**What you should do**: With pictures left out, return only the lines from the line containing "2011년 법 제정 이후" through the end of the material below, both included.
□ □ □ □ □
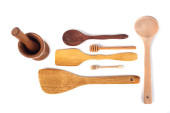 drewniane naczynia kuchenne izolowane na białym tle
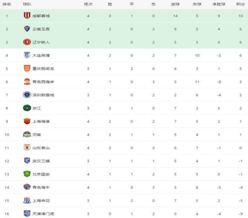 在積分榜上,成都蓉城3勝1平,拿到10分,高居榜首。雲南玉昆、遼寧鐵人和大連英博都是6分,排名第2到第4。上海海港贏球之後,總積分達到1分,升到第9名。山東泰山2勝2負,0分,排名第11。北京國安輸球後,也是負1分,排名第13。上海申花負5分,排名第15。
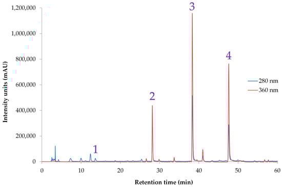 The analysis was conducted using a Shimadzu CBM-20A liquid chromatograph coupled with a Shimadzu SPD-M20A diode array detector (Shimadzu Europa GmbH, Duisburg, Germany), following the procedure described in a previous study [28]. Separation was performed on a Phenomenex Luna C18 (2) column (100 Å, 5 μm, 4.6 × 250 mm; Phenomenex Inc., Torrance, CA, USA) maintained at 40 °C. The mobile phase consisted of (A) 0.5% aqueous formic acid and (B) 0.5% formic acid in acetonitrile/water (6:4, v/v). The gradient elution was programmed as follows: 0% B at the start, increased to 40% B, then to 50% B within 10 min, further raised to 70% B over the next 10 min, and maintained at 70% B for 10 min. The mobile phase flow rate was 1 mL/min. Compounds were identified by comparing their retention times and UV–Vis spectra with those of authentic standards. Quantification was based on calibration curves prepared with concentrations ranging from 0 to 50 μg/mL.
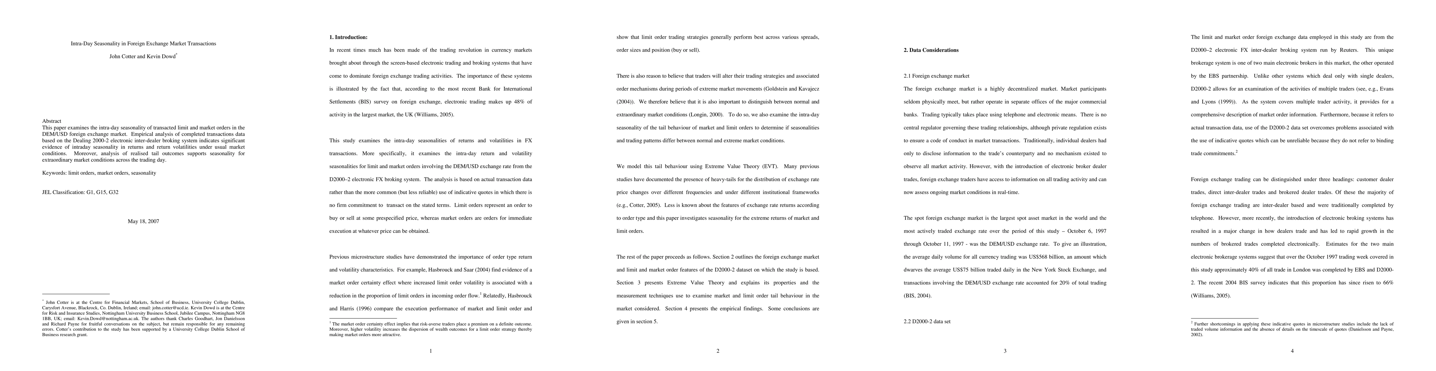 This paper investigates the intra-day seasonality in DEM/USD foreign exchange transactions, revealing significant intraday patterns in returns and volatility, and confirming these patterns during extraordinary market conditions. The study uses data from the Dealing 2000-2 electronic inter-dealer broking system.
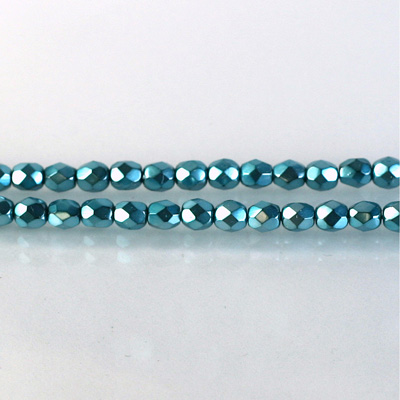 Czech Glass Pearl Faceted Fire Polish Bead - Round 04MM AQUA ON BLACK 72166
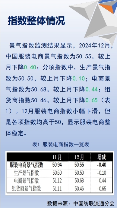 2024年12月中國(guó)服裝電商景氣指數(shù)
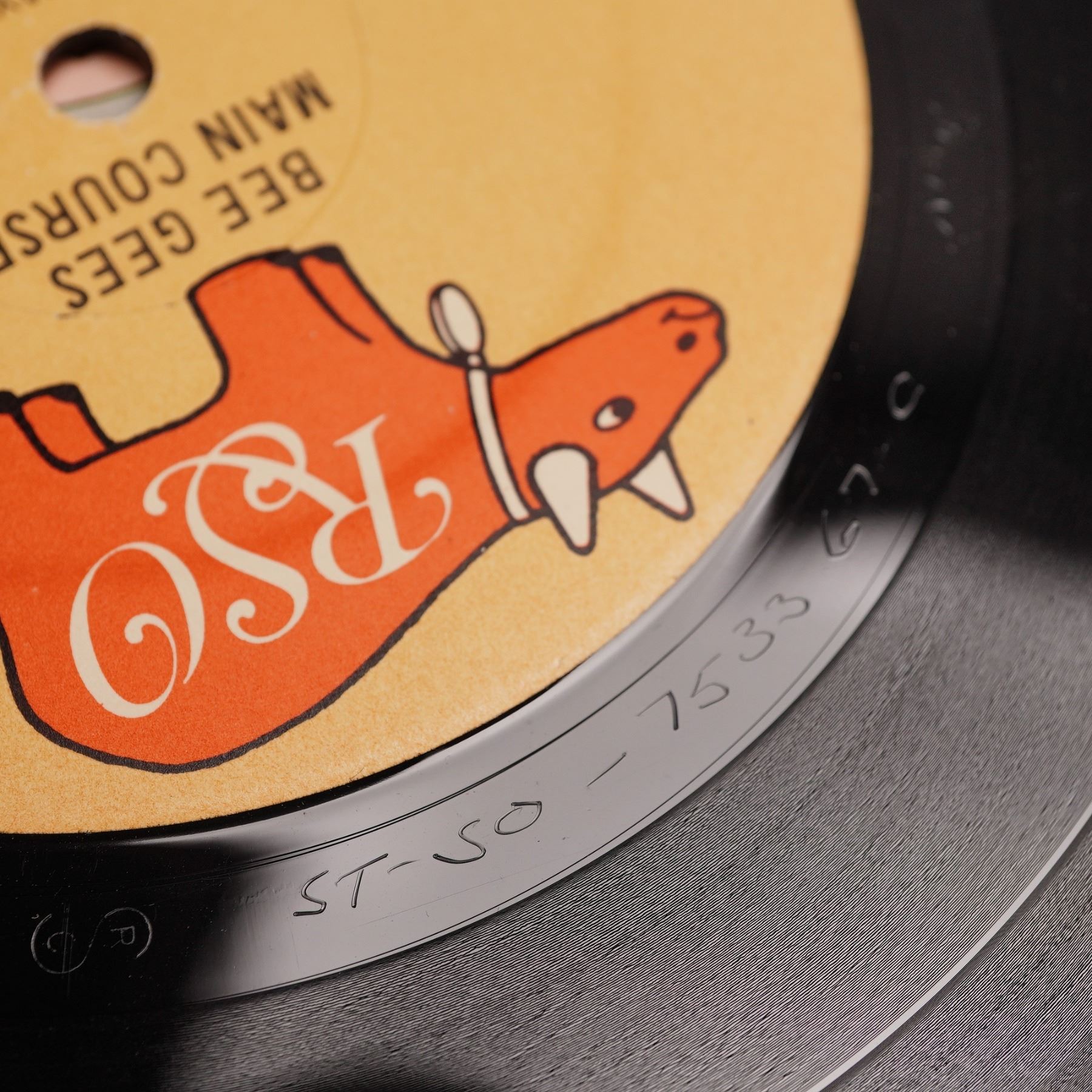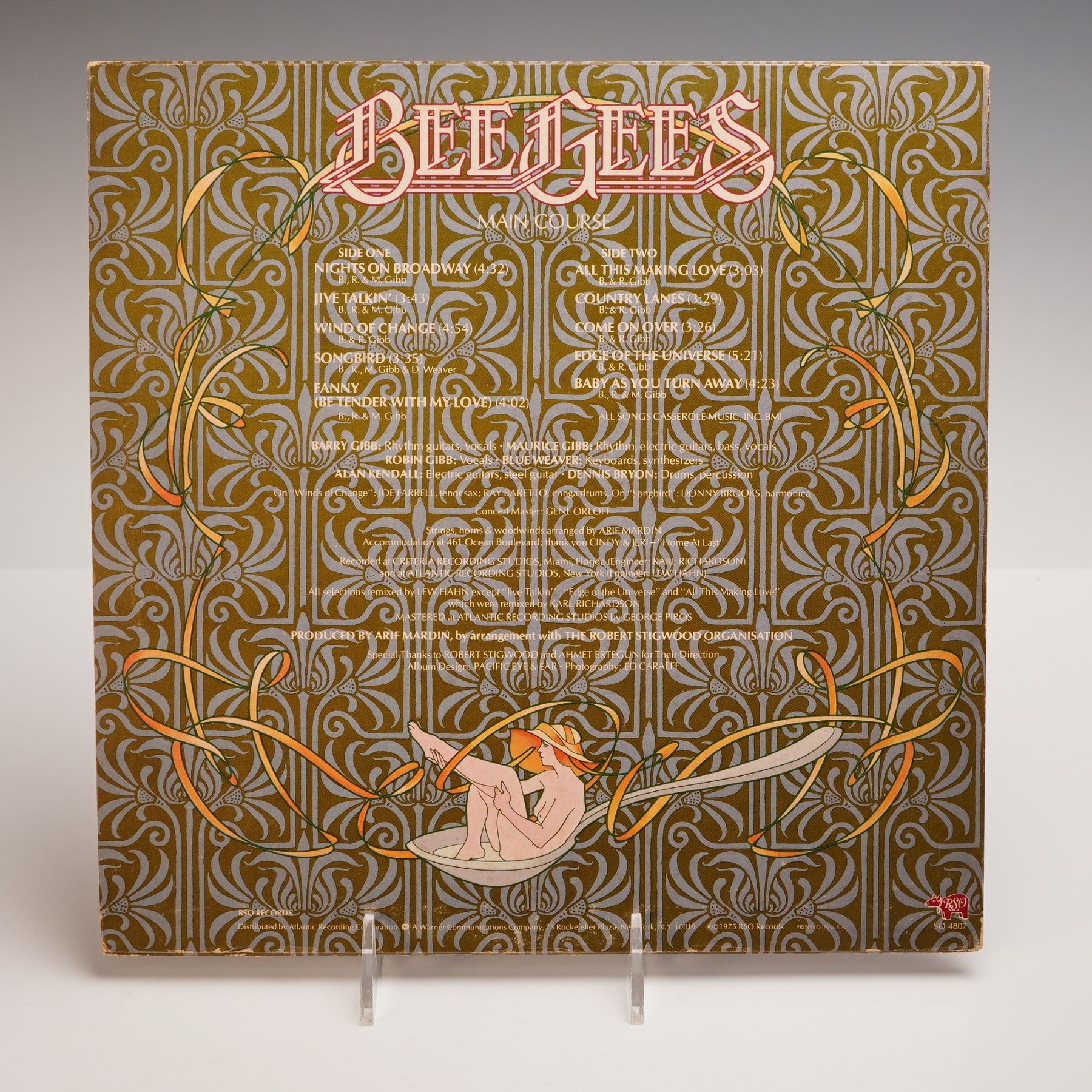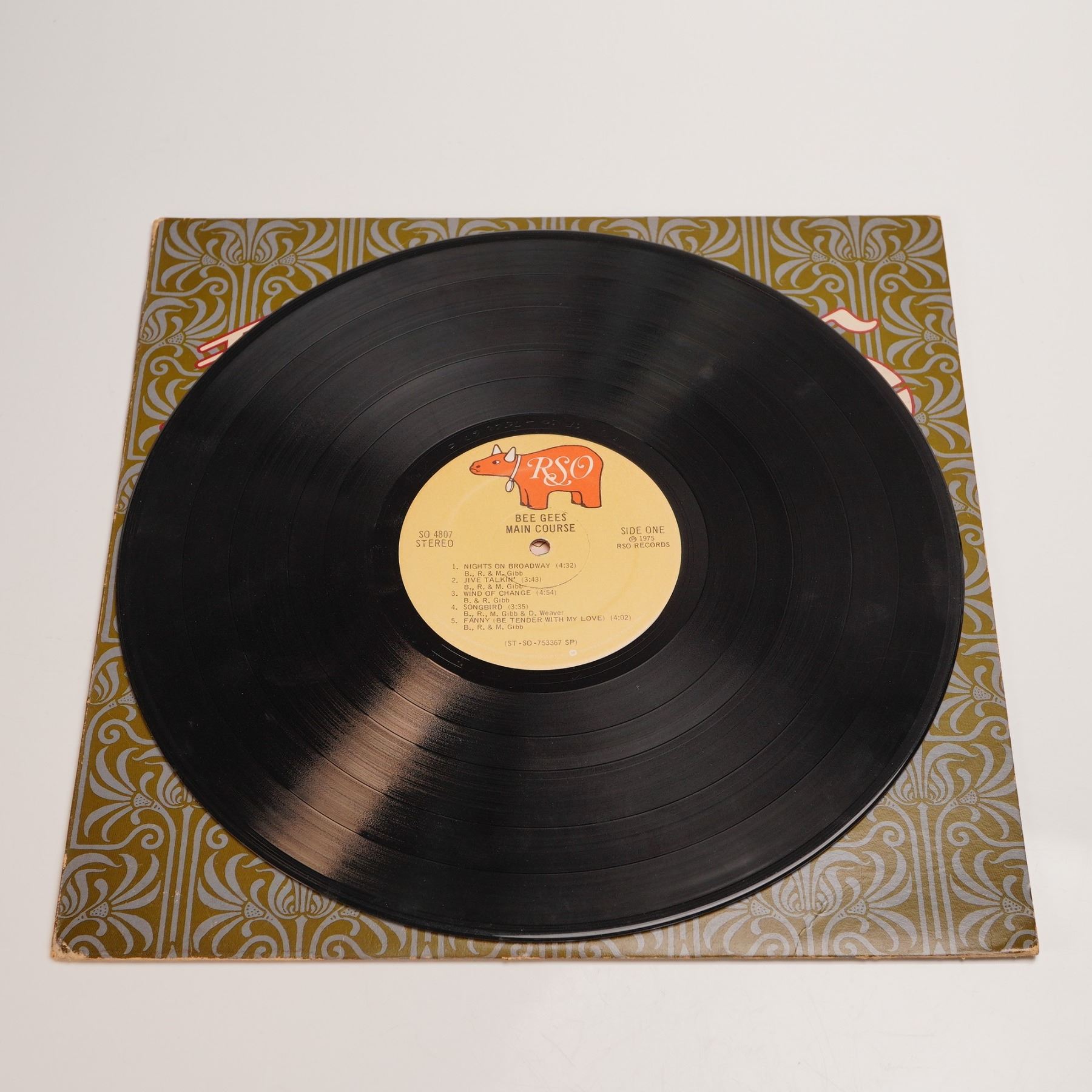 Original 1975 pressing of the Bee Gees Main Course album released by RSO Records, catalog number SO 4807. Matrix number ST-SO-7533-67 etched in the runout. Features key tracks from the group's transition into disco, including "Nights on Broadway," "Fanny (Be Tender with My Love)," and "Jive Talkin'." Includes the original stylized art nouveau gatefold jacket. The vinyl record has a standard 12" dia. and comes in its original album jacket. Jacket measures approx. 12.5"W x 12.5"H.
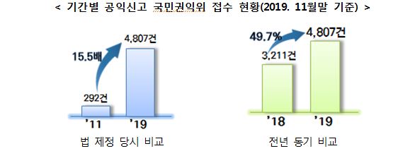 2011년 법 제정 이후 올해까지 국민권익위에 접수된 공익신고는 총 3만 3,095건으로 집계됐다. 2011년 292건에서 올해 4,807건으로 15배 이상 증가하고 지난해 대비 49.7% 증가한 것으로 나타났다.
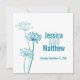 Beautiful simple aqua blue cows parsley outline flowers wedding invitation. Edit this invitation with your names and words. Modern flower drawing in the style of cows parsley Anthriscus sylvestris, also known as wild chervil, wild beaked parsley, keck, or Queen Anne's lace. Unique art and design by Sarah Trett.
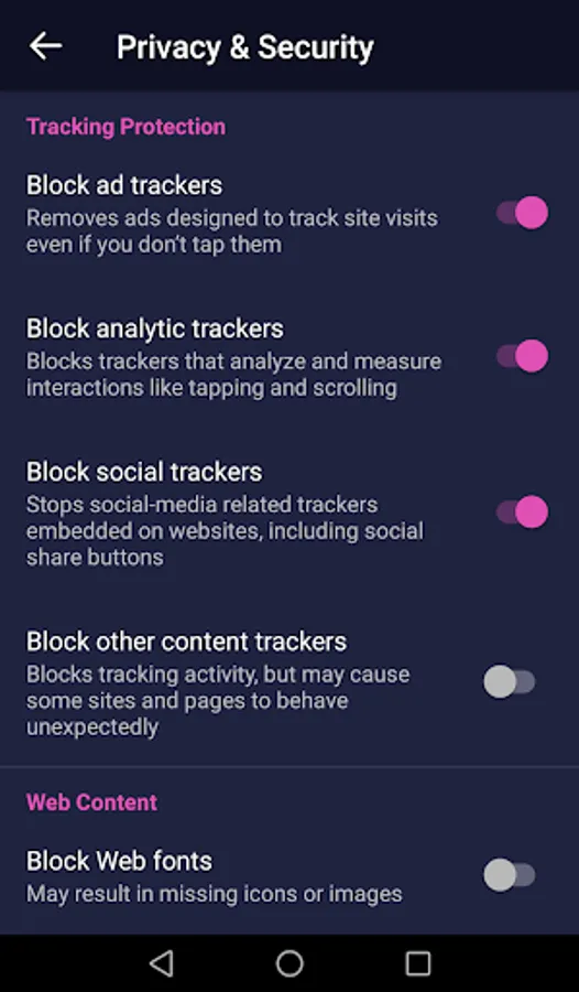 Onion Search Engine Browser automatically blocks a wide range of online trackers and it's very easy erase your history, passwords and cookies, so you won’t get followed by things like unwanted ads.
□ □ □ □ □
**Exercise response**:
 2011년 법 제정 이후 올해까지 국민권익위에 접수된 공익신고는 총 3만 3,095건으로 집계됐다. 2011년 292건에서 올해 4,807건으로 15배 이상 증가하고 지난해 대비 49.7% 증가한 것으로 나타났다.
 Beautiful simple aqua blue cows parsley outline flowers wedding invitation. Edit this invitation with your names and words. Modern flower drawing in the style of cows parsley Anthriscus sylvestris, also known as wild chervil, wild beaked parsley, keck, or Queen Anne's lace. Unique art and design by Sarah Trett.
 Onion Search Engine Browser automatically blocks a wide range of online trackers and it's very easy erase your history, passwords and cookies, so you won’t get followed by things like unwanted ads.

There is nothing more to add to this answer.